The Sonic-AI project: the brain

Sonic-AI project: an effort to learn how to use LLM, GenAI and ML tools, while building a Sonic-like virtual buddy for my kid, with privacy in mind (full details here). This post explains how to build a local stack to create the basic chatbot, using a LLM and a web UI to chat with it. And how to run the stack on a cloud computer, in case you don’t have enough resources locally (mainly a GPU).

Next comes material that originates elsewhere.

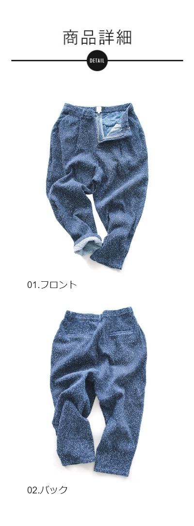 ・股上を深く取った、ゆったりめのワイドなテーパードシルエット。リラックス感のある雰囲気が魅力。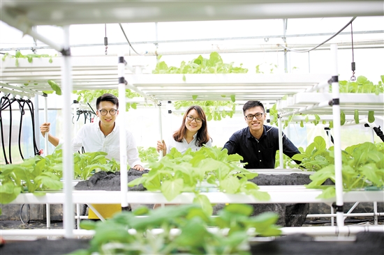 香港青年罗伟特(右)与伙伴梁立锋(左)、谭慧敏组建团队,通过技术攻坚填补了华南地区“鱼菜共生”基础应用数据的空白。资料图片

I could have used the many online services to create a customized chatbot in minutes. Instead, I wanted to create a stack I can run locally, for two reasons: use open source models to guarantee maximum privacy, and avoid exposing my data to third parties. Privacy is always a compromise with complexity. So, time to get hands dirty.

Searching around, host ALL your AI locally video provided a good idea to start with.

Choose an LLM

Nowadays (Aug 2024) LLMs are perfect for creating chatbots. They embed NLP capabilities, can speak different languages, the already know a lot about the world and can be customized to learn specific knowledge domains.

Speaking about models, the landscape of open source models to use is very wide: Mistral, Gemma, Llama, Phi-3, etc. In their respective versions, small, medium and large sizes, and potential customization. Each one of them has strenghts and limits, so I took one close to my work: Gemma2 with 9B parameters, a good compromise between complexity of the model, resources required to decently run it on a “normal pc” with a normal GPU, and support of Italian language.

Ollama icon

Ollama was the no-brain choice to interact with the LLM, considering how easy the setup and usage is, the large array of options it offers, support for nVidia and AMD GPUs, and how widely integrated Ollama is with other tools.

The only downside was the usage of the command line to interact with Ollama – I love it, but my kid doesn’t. So I needed a better UI to create my chatbot.

Choose a user-friendly UI

In the open source landscape there are two main players: Open WebUI and the oobabooga’s Text generation web UI. I selected the former, Open WebUI, because it has an easier-to-use and more polished interface, offers a chatbox experience out-of-the-box, has the ability to create agents, plus other handy capabilities useful for the other parts of my project (like TTS, STT, etc).

Ice on the cake, the project offers a ready-to-use docker image (https://ghcr.io/open-webui/open-webui:ollama) containing Ollama + Open WebUI, CUDA drivers, and a lot of pre-made configurations to wire everything together. It means no installation and configuration headaches.

At this point, it’s time to assemble everything togher.

Host the chatbot stack

I confess, I don’t own a machine with a good enough GPU to run mid-size models 😭. I’ll solve for this soon, but in the meantime I had the idea to provision a self-managed virtual machine with an appropriate CPU + GPU config, connect a disk, install an OS image, and use it as it was my “local” computer. This VM-based setup allowed to quickly iterate at the beginning of the project, try different hardware configs and find the one most appropriate for what I needed, spending few $ per day to keep using a VM instance.

Well, I tried hard to create such VM on Google Compute Engine, but with no success, all the time with the same error of no available resources. I even used this nice gpu-finder tool, to automate the creation of different configs (N1 machines with 2 vCores with both nVidia Tesla T4 or Tesla P4 single GPU) on different days in all the zones offering these GPUs, but I wasn’t able to create a VM a single time.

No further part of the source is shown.